CDC’s total capital commitment of US$ 33 million of which US$ 9 648 400 have been drawn down has already resulted in the start-up and growth of approaching 200 businesses, sustainably employing 4,878 people. These numbers speak for themselves when it comes to questioning the impact of development finance and the resulting development returns derived from successfully executed initiatives.

The results to date, the development of the new business model, as well as the economic and development results achieved through the investments made, has also been recognised internationally. GroFin was awarded the Africa Investor Award in support of the millennium development goals in both 2007 and 2008. In 2010, GroFin received the UN World Business and Development Award. The awards, launched by the International Chamber of Commerce in 2000 and now run in partnership with the United Nations Development Programme and the International Business Leaders Forum, is one of the central events in 2010 to recognise the contributions of the private sector to development. It places particular emphasis on recognizing those private companies that have successfully promoted the Millennium Development Goals (MDGs).

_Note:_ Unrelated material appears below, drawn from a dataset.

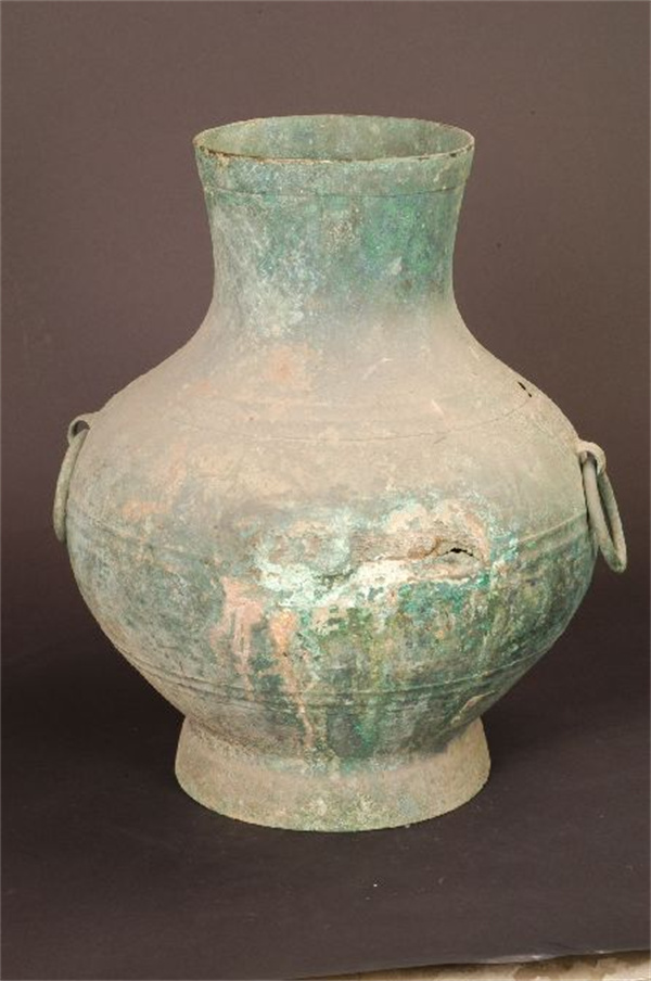 漢代,武威雷臺(tái)漢墓出土。高44.2厘米,口徑18.1厘米,底徑21.9厘米。直口,圓腹,假圈足,腹部有三組瓦紋和對(duì)稱(chēng)的兩個(gè)獸面銜環(huán)輔首,腹上部篆書(shū)“巨李鍾”三字。李,姓氏?!墩f(shuō)文•金部》:“鐘,酒器也。從金,重聲。”

What has been achieved to date cannot be done without the collaborative efforts of several organisations. We experienced CDC as an innovative leader among the IFI and DFI community. This community would be much poorer without a CDC that values partnerships and subsequently the developing world, and specifically Africa, would lose a key contributor to poverty reduction.

What has been achieved to date cannot be done through direct investment. No DFI has the ability to do small transactions in volume and nor should they do it and thus crowd out specialized service providers. The best way to achieve significant results at the broad end of the pyramid is through support of initiatives such as GroFin and GroFin funds. Direct investment has its place, but inevitably means that only bigger investments can be supported and thus effectively results in single private equity investments that ignore the largest part of the market that lack access to finance. The focus must be broadened to include more than Private Equity and CDC has already started to do this with investments such as GroFin. As this segment grows more and more opportunities will arise to channel more capital towards it in support of CDC objectives.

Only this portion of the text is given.